» **ASSIGNED TASK**
An exact transcription of all the entries is needed; pictures stay out.

» **Stored data entries**
+ + +

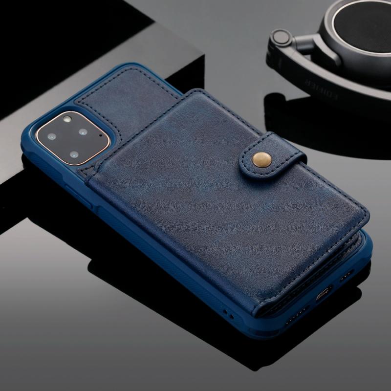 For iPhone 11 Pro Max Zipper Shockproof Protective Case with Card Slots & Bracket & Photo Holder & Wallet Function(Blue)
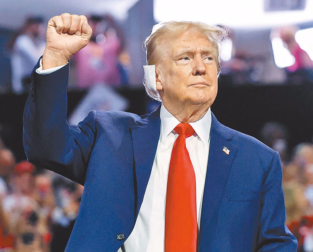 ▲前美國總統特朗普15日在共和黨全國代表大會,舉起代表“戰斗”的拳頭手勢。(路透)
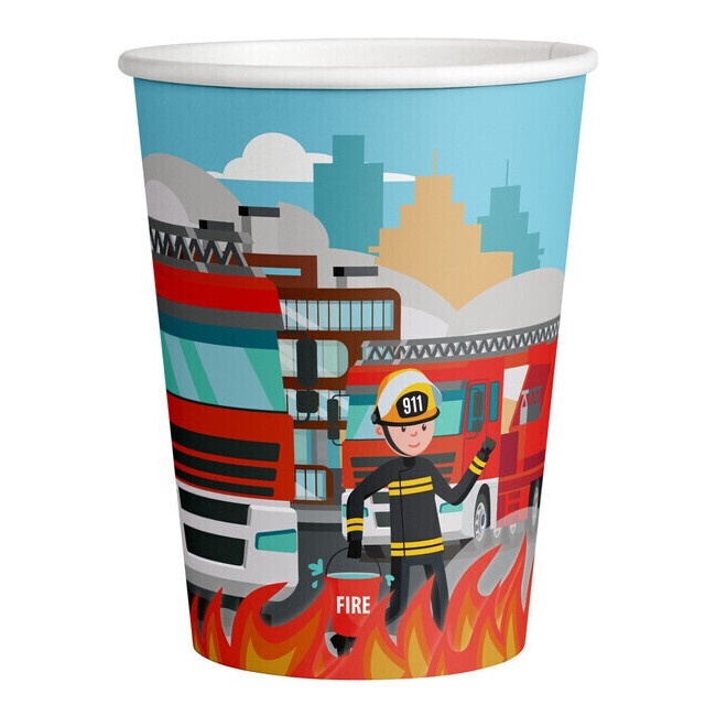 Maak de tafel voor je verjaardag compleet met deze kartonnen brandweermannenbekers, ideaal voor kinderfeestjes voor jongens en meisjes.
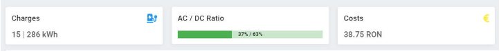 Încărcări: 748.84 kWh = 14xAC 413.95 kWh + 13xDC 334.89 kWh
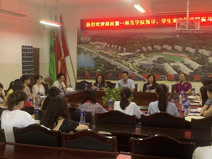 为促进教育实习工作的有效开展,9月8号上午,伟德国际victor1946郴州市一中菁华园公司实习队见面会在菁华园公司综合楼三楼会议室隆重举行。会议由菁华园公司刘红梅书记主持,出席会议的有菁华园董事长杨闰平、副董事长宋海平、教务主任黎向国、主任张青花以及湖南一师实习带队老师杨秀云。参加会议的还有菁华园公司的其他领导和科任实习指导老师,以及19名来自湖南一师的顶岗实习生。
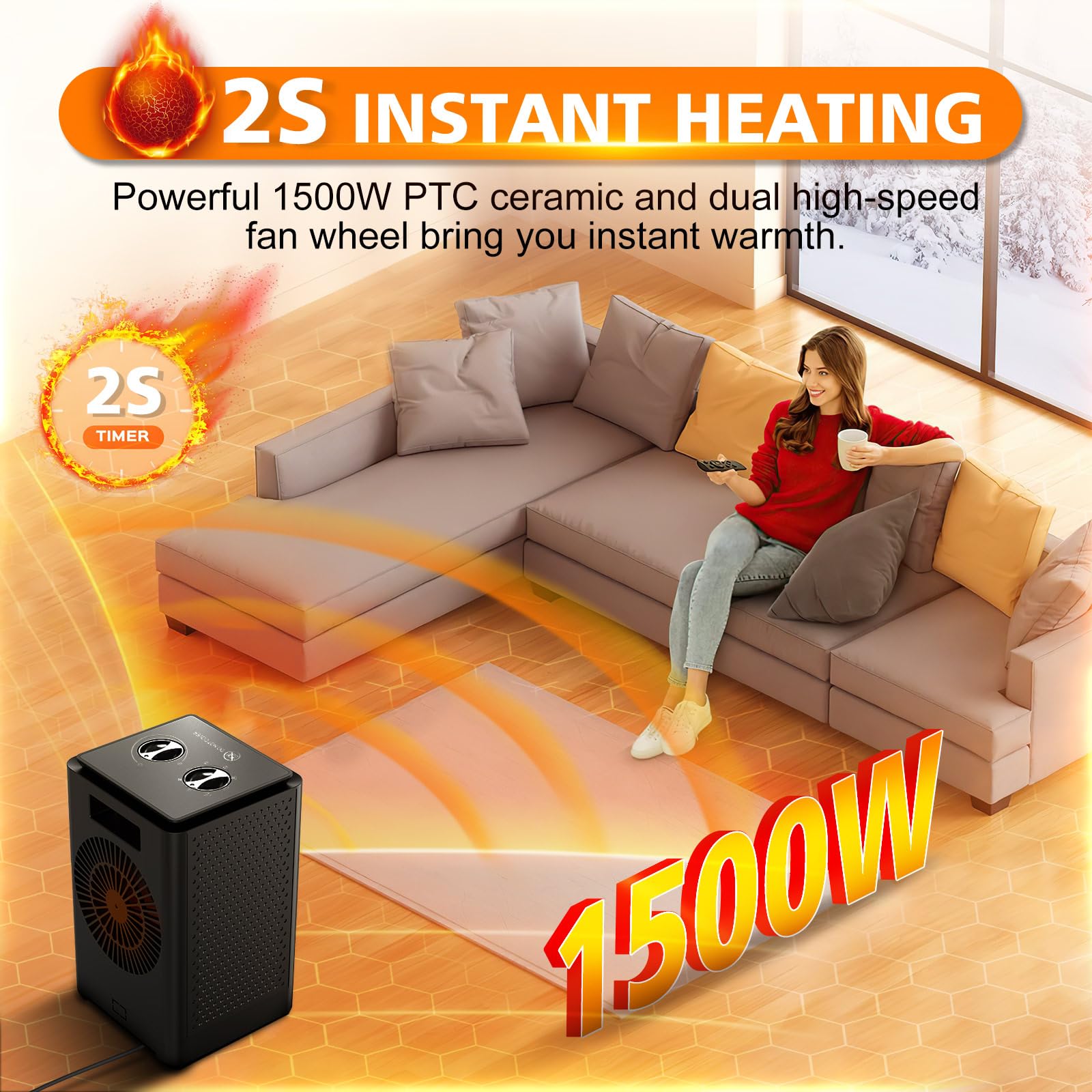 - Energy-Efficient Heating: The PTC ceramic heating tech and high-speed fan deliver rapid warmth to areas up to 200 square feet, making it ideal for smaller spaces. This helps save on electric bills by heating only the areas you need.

+ + +

» **SOLUTION TO THE EXERCISE**
 For iPhone 11 Pro Max Zipper Shockproof Protective Case with Card Slots & Bracket & Photo Holder & Wallet Function(Blue)
 ▲前美國總統特朗普15日在共和黨全國代表大會,舉起代表“戰斗”的拳頭手勢。(路透)
 Maak de tafel voor je verjaardag compleet met deze kartonnen brandweermannenbekers, ideaal voor kinderfeestjes voor jongens en meisjes.
 Încărcări: 748.84 kWh = 14xAC 413.95 kWh + 13xDC 334.89 kWh
 为促进教育实习工作的有效开展,9月8号上午,伟德国际victor1946郴州市一中菁华园公司实习队见面会在菁华园公司综合楼三楼会议室隆重举行。会议由菁华园公司刘红梅书记主持,出席会议的有菁华园董事长杨闰平、副董事长宋海平、教务主任黎向国、主任张青花以及湖南一师实习带队老师杨秀云。参加会议的还有菁华园公司的其他领导和科任实习指导老师,以及19名来自湖南一师的顶岗实习生。
 - Energy-Efficient Heating: The PTC ceramic heating tech and high-speed fan deliver rapid warmth to areas up to 200 square feet, making it ideal for smaller spaces. This helps save on electric bills by heating only the areas you need.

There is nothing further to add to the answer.